_Dataset records_
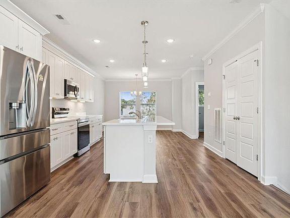 Located in the desirable Mainsail community, this like-new construction end-unit townhome offers flexible living and tons of features. The first floor includes a bedroom that can serve as a second primary or guest suite, complete with a full bathroom and closet. Enjoy an open floor plan with 9-ft ceilings, LVP flooring, stained hardwood stairs, an electric fireplace, and a custom kitchen with soft-close cabinets. Additional highlights include an attached rear-load garage and access to a fenced community park. Don’t miss this opportunity to own new construction without the wait! VA assumable loan available! Ask for details.
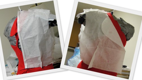So for the muslin, I added 1 cm to the side-seams of each piece, for a total increase around the body of 4 cm (just under 2″). And then I cut out and stitched up with, as mentioned above, traced seam-lines and everything.
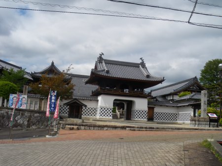 宝泉寺山門 宝泉寺山門前にある「陶都の祖 渡辺幸平のこと」の石碑に刻んである文章: 渡辺幸平は江戸時代末期から明治初期にかけて今日の瀬戸ノベルティの源と なった陶彫の技巧を確立した陶工である 手捻りの原型にヘラを用いた陶彫を 導入 その技法は後の六代川本半助 瀬戸陶器学校教員寺内半月らに受け継がれ 原型製作と鋳込成形法の発達によって瀬戸地方は日本一のノベルティと袋物の 産地となった 「琴々堂」「鶴鳴」と号し 神仏像に秀作を残した 代表作に1867(慶応3年) 建立した陶祖碑台座の唐獅子がある 出身は讃岐国の士族で高松藩主松平侯の 近習役のとき ゆえあって京都に逃れ鋳銅型師となったが陶芸修得を志し 瀬戸の人 で清水焼の井上松兵衛に身を寄せた その後 松兵衛の口添えで瀬戸の加藤三年 川本半助の陶房に移って白磁に無釉の陶彫に練達 後進の指導に当たった 清貧無欲の人で米飯 酒 茶は好まず専ら粥に梅干の粗食を常とした 1872(明治5年)没 享年不詳 生涯独身であった 墓碑は弟子と有志が建立したが古くなり1960(昭和35年) 瀬戸ノベルティ業界等の有志によって復元された その石碑が再び老朽化したため 1998(平成10年5月)その碑を修復した |
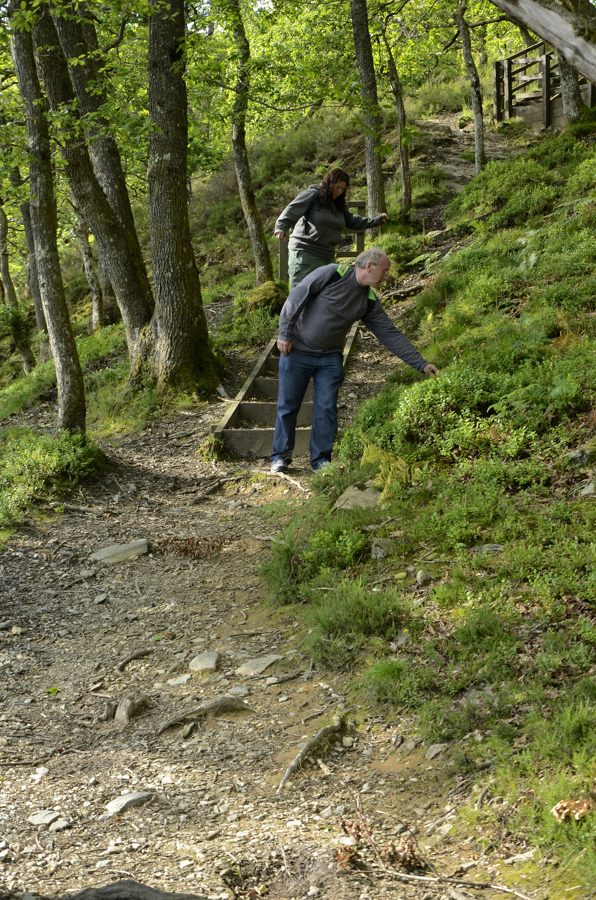 Foraging for berries – Keith and Ginger supplementing lunch on our Comrie hike.
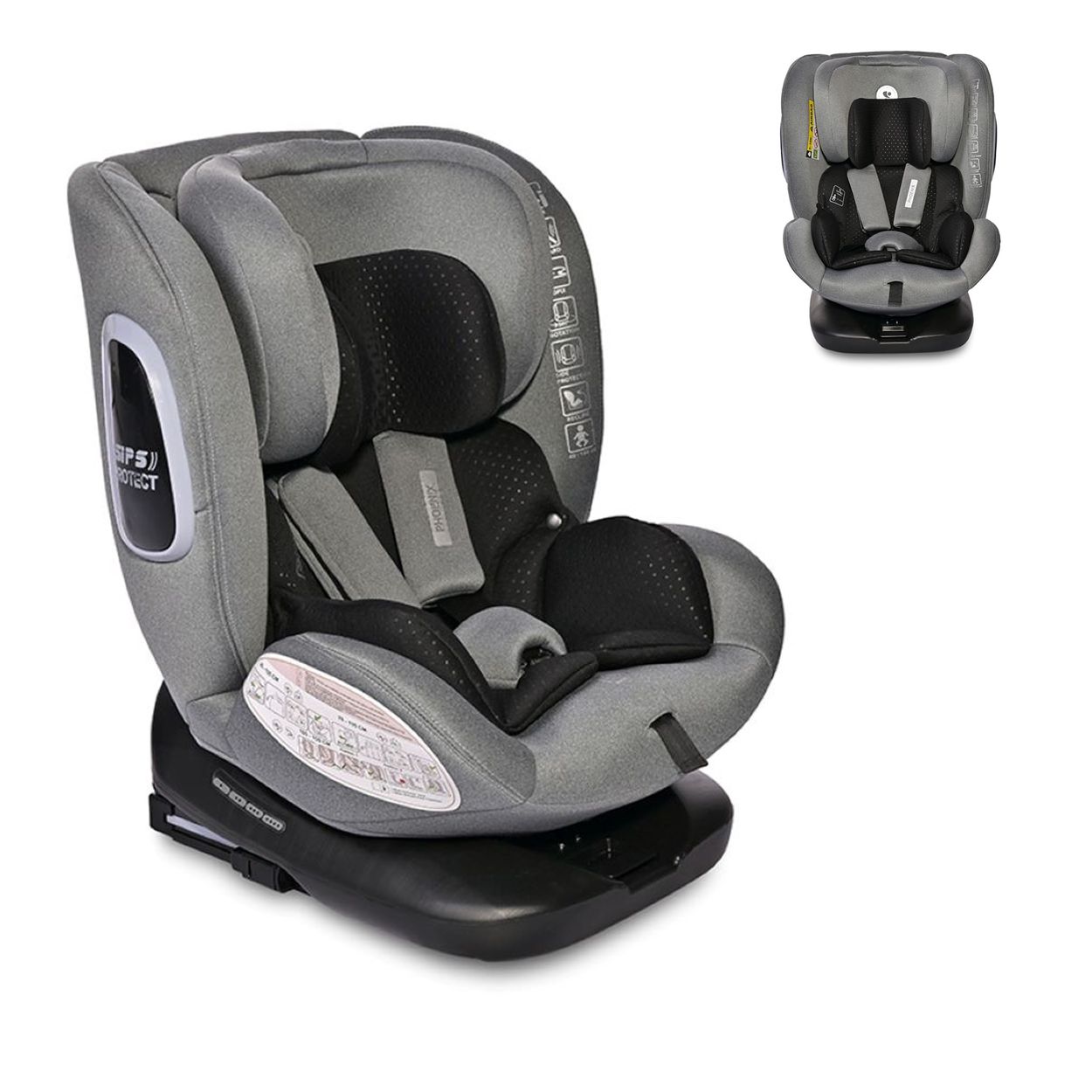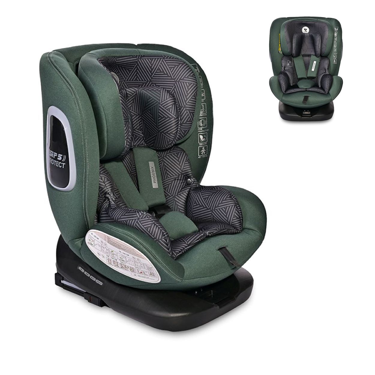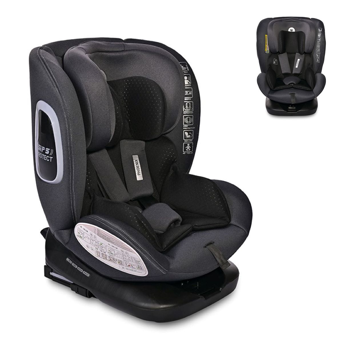 Der Kindersitz Phoenix i-Size von Lorelli mit Seitenschutzsystem und Isofix ist aus der Gruppe 0+/1/2/3 (0-36 kg) und ab Geburt bis ca. 12 Jahre geeignet. Er ist um 360 Grad drehbar und somit in Fahrtrichtung und als Reboarder anwendbar.
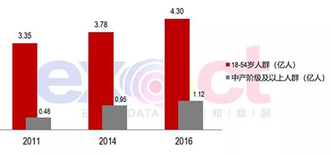 從2011年到2016年間,18-54歲葡萄酒消費人群擴大,由3.35億人增長到4.3億人。其中,中產階級以上人群(葡萄酒主力消費人群)不斷上升,從2011年0.48億人上升到2016年1.12億人。
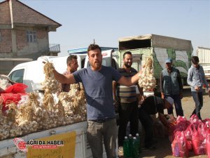 Sarımsak satan Aykut Oktay da Van'dan geldiklerini ve Ağrı hayvan pazarının yoğunluğundan faydalandıklarını söyledi.
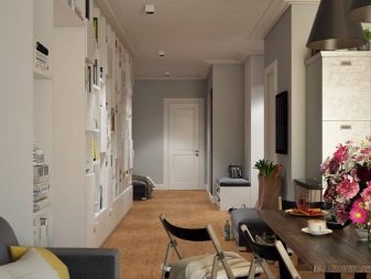 - Por cierto, el pasillo, especialmente lo suficientemente ancho, también puede ayudar a expandir la sala de estar: solo hay que demoler la partición que los separa.
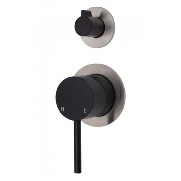 Kaya Wall Diverter Mixer, Matte Black, Small Round Brushed Nickel Plates
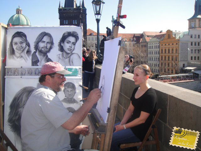 La ricchezza moderna di Ponte Carlo sono gli artisti di strada che rallegrano il percorso dei turisti: ritrattisti, musicisti, levitazione di monaci e molte altre persone bizzarre.
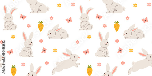 Fototapeta premium Seamless background with cute bunnies, Easter Rabbits, spring flowers and butterflies. vector illustration.
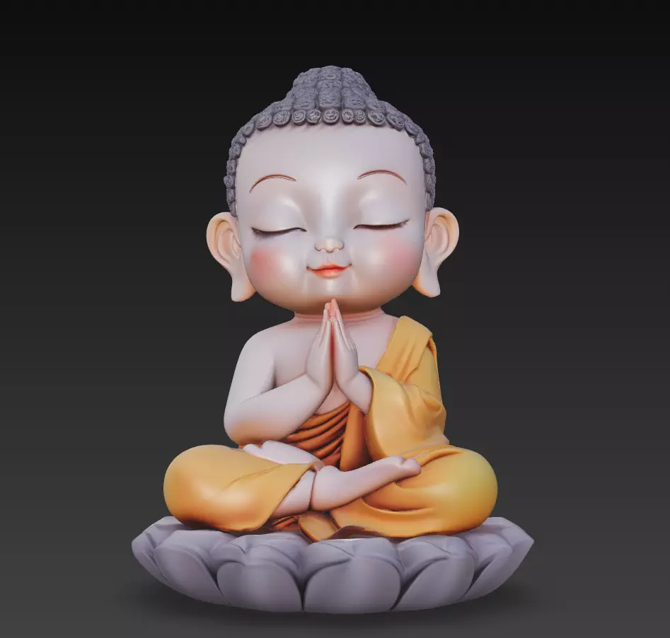 A heartwarming Baby Buddha sculpture sitting in a meditative lotus pose, symbolizing peace, innocence, and enlightenment.This high-quality stylized model features soft surface transitions, detailed facial serenity, and perfectly balanced proportions — ideal for spiritual decor, CGI rendering, or 3D printing projects.It embodies calmness, mindfulness, and the gentle light of inner harmony.
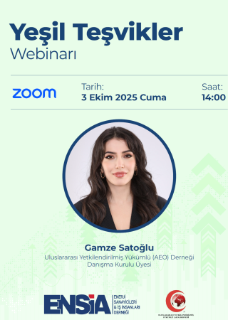 Organized in collaboration between the Energy Industrialists and Business People Association (ENSİA) and the International Authorized Economic Operator Association (UYYSD), the webinar will be conducted by Ms. Gamze SATOĞLU, a member of our Advisory Board.
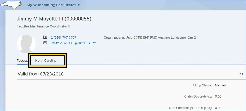 The North Carolina tab delivers Tax Withholding information for the current NCDOR Employees Withholding selections for Filing Status, Total Number of Allowance, and Additional Withholdings.
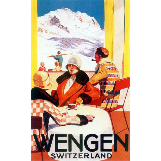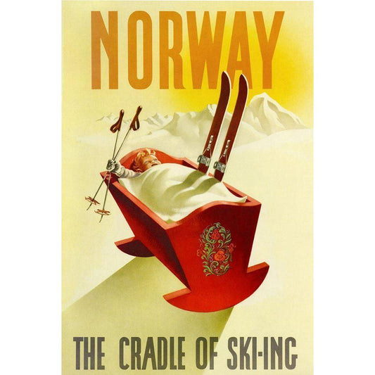 Norway Cradle Skiing Black Modern Wood Framed Art Print with Double Matting by Vintage Apple Collection
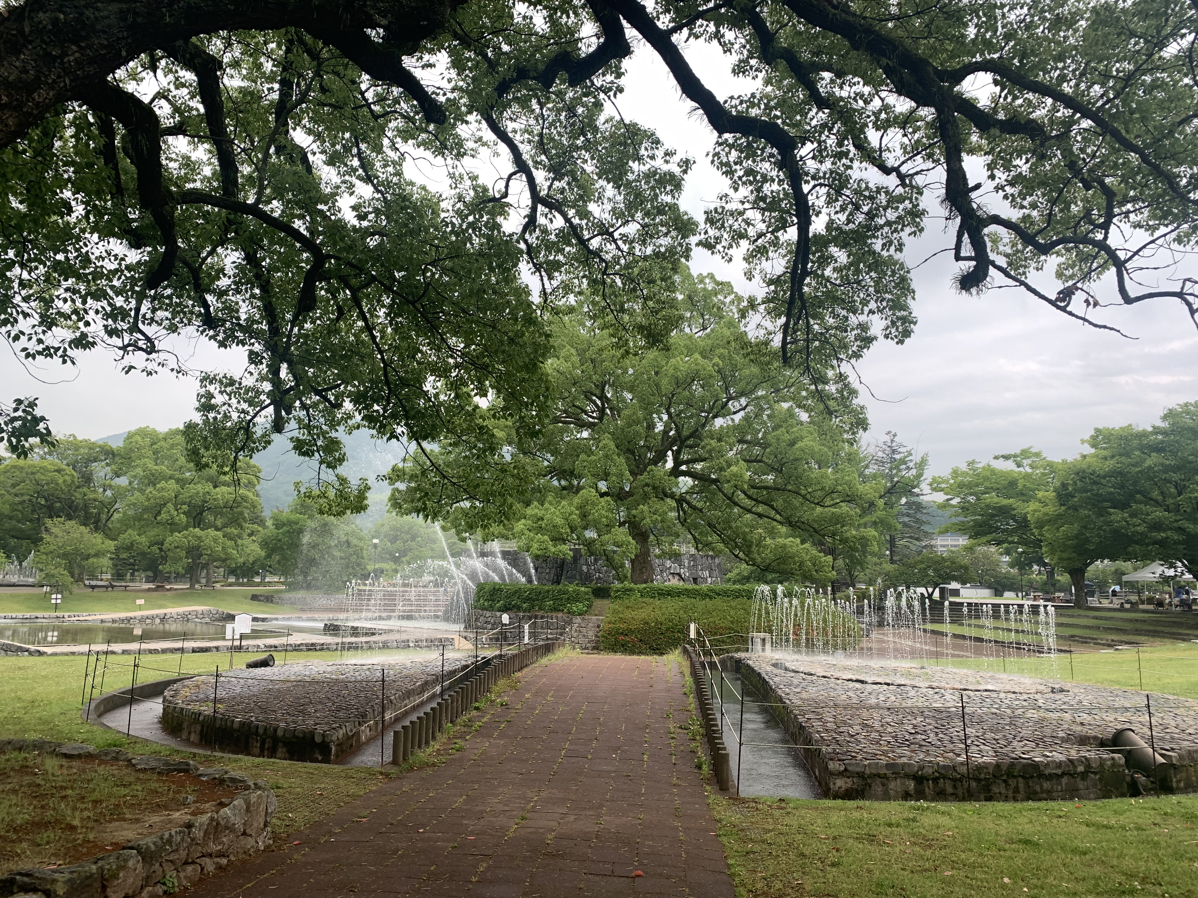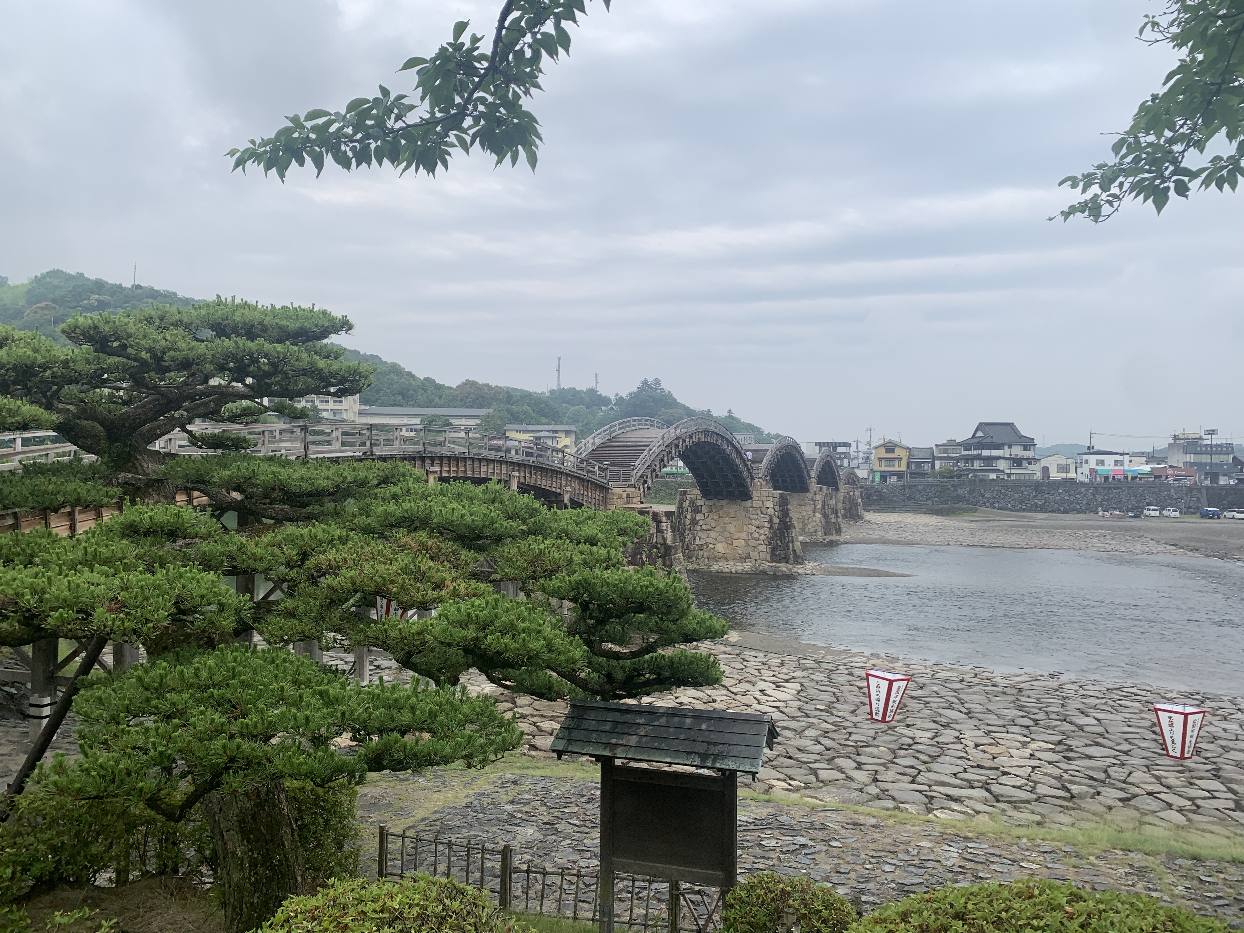 雨の錦帯橋も風情を感じます。

_PROBLEM STATEMENT_
The required output is the exact lines from the opening line of the entries through the line with "So for the muslin, I", inclusive, without pictures.

_SOLVED EXERCISE_
 Located in the desirable Mainsail community, this like-new construction end-unit townhome offers flexible living and tons of features. The first floor includes a bedroom that can serve as a second primary or guest suite, complete with a full bathroom and closet. Enjoy an open floor plan with 9-ft ceilings, LVP flooring, stained hardwood stairs, an electric fireplace, and a custom kitchen with soft-close cabinets. Additional highlights include an attached rear-load garage and access to a fenced community park. Don’t miss this opportunity to own new construction without the wait! VA assumable loan available! Ask for details.
So for the muslin, I added 1 cm to the side-seams of each piece, for a total increase around the body of 4 cm (just under 2″). And then I cut out and stitched up with, as mentioned above, traced seam-lines and everything.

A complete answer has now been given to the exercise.